At LawyersandSettlements.com, it is our goal to keep you informed about important legal cases and settlements. We are dedicated to helping you resolve your legal complaints.
The complaint charges HCA and certain of its officers and directors with violations of the Securities Exchange Act of 1934. HCA is the nation's largest chain of for-profit hospitals.
The complaint alleges that during the Class Period, defendants caused HCA's shares to trade at artificially inflated prices by issuing false statements concerning the Company's purported financial successes while concealing that HCA's operational metrics had substantially deteriorated. Defendants' positive statements had their intended effect, inflating the Company's stock price by almost 50% from less than $40 per share on January 11, 2005 to its Class Period high of over $58 per share on June 22, 2005, during which time defendants sold almost 1 million shares of the Company's stock at inflated prices, pocketing more than $48 million in proceeds.
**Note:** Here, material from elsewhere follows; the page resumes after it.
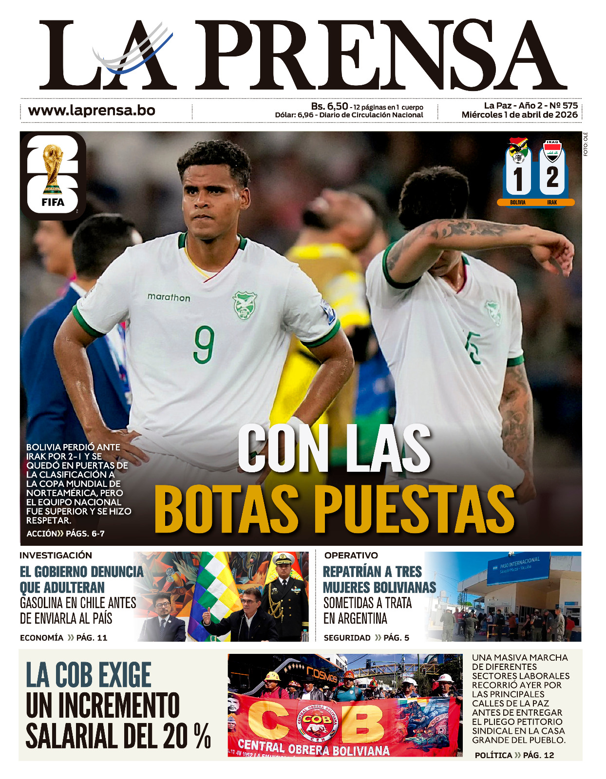La selección boliviana de fútbol vio truncada su aspiración de clasificar a la Copa del Mundo tras caer por 2-1 frente a su similar de Irak. El encuentro de repesca se desarrolló en el estadio BBVA de la ciudad mexicana de Monterrey. El combinado...

According to the complaint, on July 13, 2005, HCA issued a profit warning for its 2Q 2005 disclosing that: (a) contrary to defendants' statements that HCA had been experiencing trends beneficial to its "operating results," in reality the Company was then experiencing negative operational trends which were driving down HCA's revenues and decreasing the Company's profitability; (b) despite defendants' statements that the Company was experiencing "a moderation in the growth in its uninsured patient admissions and emergency room visits," the Company's uninsured admissions and emergency room visits were actually increasing more rapidly than insured admissions and emergency room visits, which defendants knew was increasing the Company's bad-debt expense and reducing HCA's profitability; (c) notwithstanding defendants' statements lauding the Company's "favorable change in its estimated provision for doubtful accounts," and "substantial(ly) improv(ing) ... financial performance" due to its "improving bad debt trends," HCA's provision for doubtful accounts was actually increasing as a percentage of revenues; and (d) defendants had materially limited surgeries at certain hospitals due to illegal misconduct. On this news, HCA's stock fell approximately $5 per share on nearly six times the average daily trading volume over the preceding 12 months. Soon thereafter, the Securities and Exchange Commission and the U.S. Department of Justice opened formal investigations into Class Period insider trading at HCA.
If you acquired the securities of the defendants during the Class Period you may, no later than the Lead Plaintiff Deadline shown above, request that the Court appoint you as lead plaintiff through counsel of your choice. You may also choose to remain an absent class member. A lead plaintiff must meet certain requirements.